El dolor agudiza los sentidos;

¡Ay! mi cariño se ha ido! –
Y en la naturaleza, siento
una simpatía secreta.

Siento que los nidos pendencieros
por mí están forzados,
que hiero las flores
y que las estrellas se quejan de mí.

El curruca parece de
su canción alegre estar avergonzado,
el lirio sabe el daño que me causa,
y la estrella también se da cuenta.

En ellos oigo, respiro y veo a
la querida ausente, y lamento
sus ojos, su aliento y su voz,
que son estrellas, lirios y curruca.

INTIMIDADES

XI

Ella es algo pedante.
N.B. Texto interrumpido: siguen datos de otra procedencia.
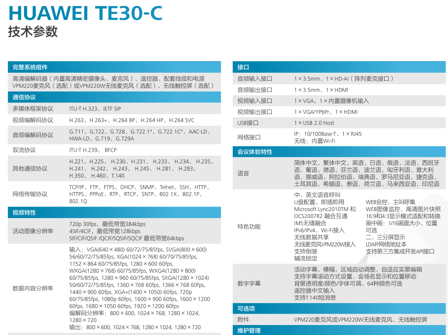 华为视讯高清终端TE30-C

Cuando leemos
-en tanto que las llamas nos acarician
mientras corren llenando la chimenea-
deja que se le escapen agudas criticas.

Como el libro juzgado siempre le busco
entre los mas hermosos de los mas buenos
de mis buenos amigos, constantemente
de tan duros ataques yo lo defiendo.

Pero, a pesar de todas mis intenciones,
resultan mis defensas defensas tibias…
¡Tenemos los amantes, alucinados,
tantas abdicaciones y cobardías!!!

Sin embargo, las voces de las poetas
hallan en las mujeres sus grandes ecos;
no cuando los arrastran vanos lirismos
y suben deslumbrados al quinto cielo;

sino cuando les cantan dulces, amantes,
como Sainte-Beuve, que sufre sus agonías,
o Baudelaire, que gime desesperado,
o Musset, si consigue vencer la risa;

cuando para embotarse la inteligencia,
rendida ya de males y sufrimientos,
buscan en los aromas embriagadores
de vagas languideces, paz y consuelo.

¡Ella los ama tanto, si le interpretan
del corazón las tiernas melancolías!
Y a mis pies reclinada, su voz repite
el pasaje que ¡tanto! Sufrió su critica.

Aquel dulce pasaje, mágico nido
en que siempre se esconden besos y besos…

Y sucede a menudo que el libro, torpe,
suele rodar muy pronto, rodar al suelo.